The same white guy with the club foot and the whiny voice who I've seen for years, sleeping in the doorway of the Botox clinic down the block, comes up to me and Bill. "Spare some change for a homeless vet," he whines, like, Come on, already, fucking yuppies, and give me some change.
"Sorry, man."
He sucks his teeth and turns in disgust. "Would you please spare some change for a homeless vet," he whines at another passerby.
The woman on the corner of Fourteenth and Fifth, the one wrapped in a khaki tarp, the one who lays on the sidewalk covered in grime, shaking, like Tawana Brawley in her garbage bag. She's a tough case. She's only there when the United Homeless Organization woman isn't there on the same corner, the superduper chipper woman who calls me Pretty Hair whenever I donate. "Hi, Pretty Hair, god bless, have a good day!" The woman in the tarp looks awful -- you know how I'm always saying, "It's not Darfur?" This woman looks like she got dropped in the street directly from fucking Darfur. It's that bad.
Of course, then I see her from my window one morning, with a guy, a can collector, they're ducking under the scaffolding across the street, looking around for cops. They do...whatever their drug is. This is how it works -- the women panhandle, the men score.
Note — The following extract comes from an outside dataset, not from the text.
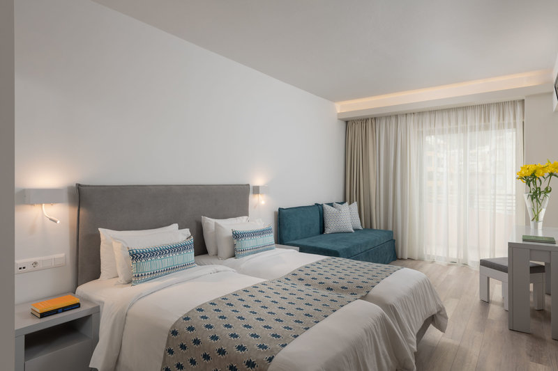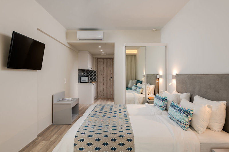 Die hellen, modern und komfortabel eingerichteten Zimmer mit Wohnraum sind ausgestattet mit Doppelbett, Twinbett oder Einzelbett, Babybett (kostenlos), Laminat, Kitchenette, Microwelle, Kapsel‑Kaffeemaschine (kostenlos), Wasserkocher (kostenlos), Balkon oder Terrasse, Internet (kostenlos), Safe (kostenlos) und Flatscreen-Sat-TV sowie individuell regulierbarer Klimaanlage und individuell regulierbarer Heizung (von April bis November). Badezimmer mit Dusche (Größe: 33 - 44 m²). Handtücher werden 3x pro Woche kostenlos gewechselt. Die Bettwäsche wird 3x pro Woche kostenlos gewechselt.

It's depressing.
Oh, these are the people in your neighborhood, in your neighborhood, in your neigh-bor-hood...
I talk to the UHO woman every now and again, she gives me the state of the union. She tells me about a fight she had with one of her "regulars." Guy used to give her a quarter every morning, then she commented on his dandruff, now he's angry at her. Her "regulars" -- like she's a vendor, providing him a service. Which she is. She is our neighborhood homeless person, the ombudsman for the rest of the crowd, the faceless lumps on the sidewalk underneath cardboard tents. You give her money, it goes to homeless people. What happens to it from there, you don't know.
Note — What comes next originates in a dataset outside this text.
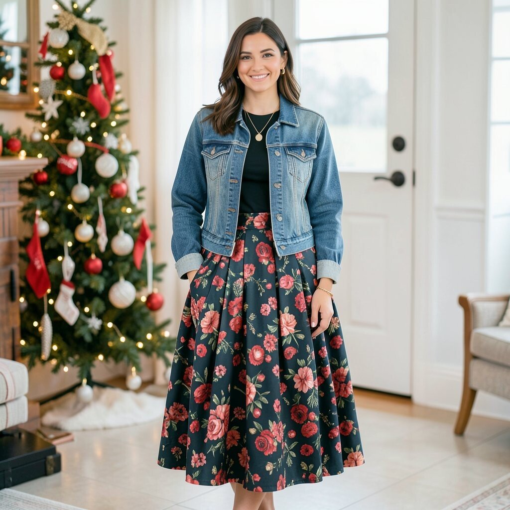 A colorful maxi skirt with a festive top and a light denim jacket is perfect for celebrations. The colors bring energy, while the denim jacket keeps it light. It’s a festive look that’s full of life and joy.

The UHO does good, in my mind. It looks to me, through observation of the six or seven tables in my immediate area, that chronically homeless people turn to them, where they won't turn to other social services. At the same time, the UHO tables are fucking ubiquitous, and every single one of the collectors hassles you every single time you do not put a coin in the bucket.
Just one penny! Just one!
And everybody goes, la la la la la la la. Some people pat their pockets as they pass, like, checking for change, got none handy, too late now, oh well. I don't blame them. You don't want to pay people to be poor, and on drugs, like that's their job. Somebody's got to be poor and on drugs, and it's not going to be me.
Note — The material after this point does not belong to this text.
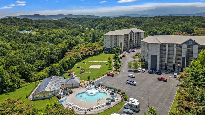 Condominio con vista a Smoky: piscina cubierta, parque infantil, juegos
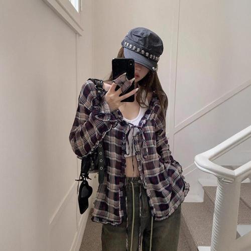 [모어오브]프랄린 체크 셔츠 프릴 긴팔 남방 탑

I hardly sound like the bleeding heart liberal I profess to be, do I? It's not like people choose mental illness and chronic addiction. God, the whiny guy's voice is just so tired, he's like, I just want to go home and get high, man, come on. You're gonna have a bottle of wine later, I just want mine.
I'm not even volunteering right now. It's not official, but I'll make it official; I can't have it both ways. I can't show up when I want and not when I don't, that's not how it works. Volunteering is not supposed to be a photo op, or material for a column, and I don't want it to be.
I hope that, when I miss it enough, I'll go back.
In the meantime, I try to see the girls in the women on the street, to remember that this was where they started. The UHO woman, she could have lived with me back in 1984; so could the woman in the tarp. They are my age, though they look twenty years older; they just didn't have parents with money to run home to. I did. Therefore, these days, I get to do my drugs indoors, and they don't.